Die tiefgreifenden und weitreichenden Sanktionen haben die russische
Wirtschaft erheblich geschwächt und für 2022 wird ein Rückgang von etwa 3 Prozent
erwartet. In diesem Jahr erwarten wir eine weitere Abschwächung, und wir gehen
davon aus, dass sich die russische Wirtschaft auf lange Sicht auf einem
deutlich niedrigeren Wachstumsniveau einpendeln wird. Der Iran bietet sich hier
als Vergleich an, da er mit ähnlich schweren Sanktionen der USA
konfrontiert war, die dazu führten, dass das nominale BIP von rund 644 Mrd. USD
im Jahr 2012 auf schätzungsweise 240 Mrd. USD im Jahr 2020 schrumpfte. Dies
verdeutlicht, wie schmerzhaft Sanktionen sein können, wenn sie über einen
längeren Zeitraum verhängt werden. Es ist jedoch wichtig zu erwähnen, dass es
für Russland als großen Exporteur von Öl und Gas schwieriger sein wird, seine
Wirtschaft vom Rest der Welt abzuschotten.

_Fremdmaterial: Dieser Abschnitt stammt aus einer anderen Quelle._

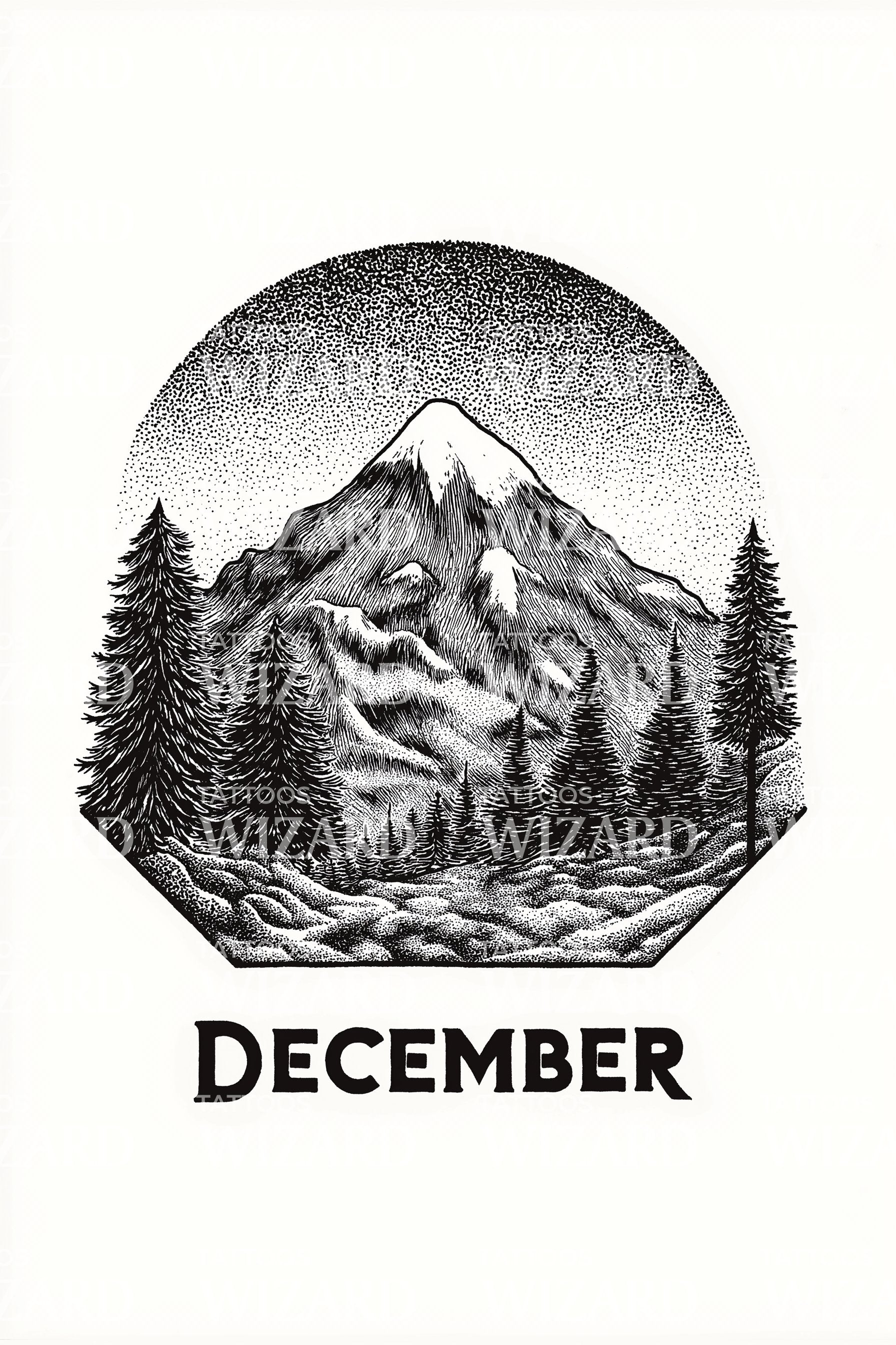 Blackwork circle frames an alpine landscape of peak, stippled sky, and pines, crisp as frost. December crowns the scene like a vow. The mountain signifies endurance, the forest resilience, the sky renewal. Wearing it feels like winter breath in the lungs, clear, steady, guiding you to higher ground.

Die Wirtschaft der Eurozone ist geschwächt, aber nicht so stark wie
unmittelbar nach dem Einmarsch Russlands in die Ukraine befürchtet. Eine
Energiekrise konnte bisher vermieden werden, da es den europäischen Ländern
weitestgehend gelungen ist, ihre Gasspeicher vor dem Winter zu füllen. In
Verbindung mit dem milden Winter hat dies dazu beigetragen, dass die
Großhandelspreise für Gas gegenüber ihren Höchstständen von 2022 deutlich
gesunken sind. Auch wenn dies ermutigend ist, bleibt die Abkehr Europas vom
russischen Gas bis 2023 und darüber hinaus eine große Herausforderung, so dass
es ein Fehler wäre anzunehmen, die Energiekrise sei vorbei. In vielerlei
Hinsicht fängt sie gerade erst an.
Die europäische Gasinfrastruktur ist darauf ausgelegt, Importe aus Russland
über Pipelines aufzunehmen, und es erfordert Zeit und Geld, dies umzustellen.

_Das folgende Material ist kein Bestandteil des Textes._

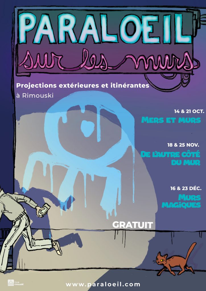 Paralœil sur les murs ce sont des parcours au centre-ville de Rimouski, qui convient le public à un point de départ, et l’invitent à suivre un guide au fil d’un itinéraire à pied, pour une expérience insolite de cinéma urbain.

Die Einfuhr von verflüssigtem Erdgas (LNG) aus den USA und Katar bietet eine
potenzielle Alternative, aber es ist unwahrscheinlich, dass das Angebot
ausreicht, um den europäischen Bedarf über einen kurzen Zeitraum hinaus zu
decken. Zudem gibt es in Europa nur begrenzte Kapazitäten für die Verarbeitung
von LNG-Importen und obwohl der Bau neuer Verarbeitungsinfrastrukturen
geplant ist, wird es wahrscheinlich mehrere Jahre dauern, bis diese
fertiggestellt sind. Langfristig werden erneuerbare Energieträger die
russischen Importe als Hauptlieferanten für den europäischen Energiebedarf
ablösen, aber es wird viele Jahre dauern, bis die dafür erforderliche Infrastruktur
aufgebaut ist. Vor diesem Hintergrund sind wir der Ansicht, dass die
europäischen Länder wahrscheinlich weiterhin vor der Herausforderung stehen
werden, genügend fossile Brennstoffe zu erhalten, um die Nachfrage im Winter
2023 bis 2024 und darüber hinaus zu decken. Dies könnte zu höheren Preisen
führen, was die Regierungen wahrscheinlich dazu zwingen wird, die
Energierechnungen weiterhin zu subventionieren. Wir sind der Meinung, dass dies
das Wachstum belasten und den Euroraum möglicherweise noch in diesem
Jahr in eine Rezession stürzen könnte, zumal die Europäische Zentralbank
voraussichtlich bald mit der quantitativen Straffung beginnen wird.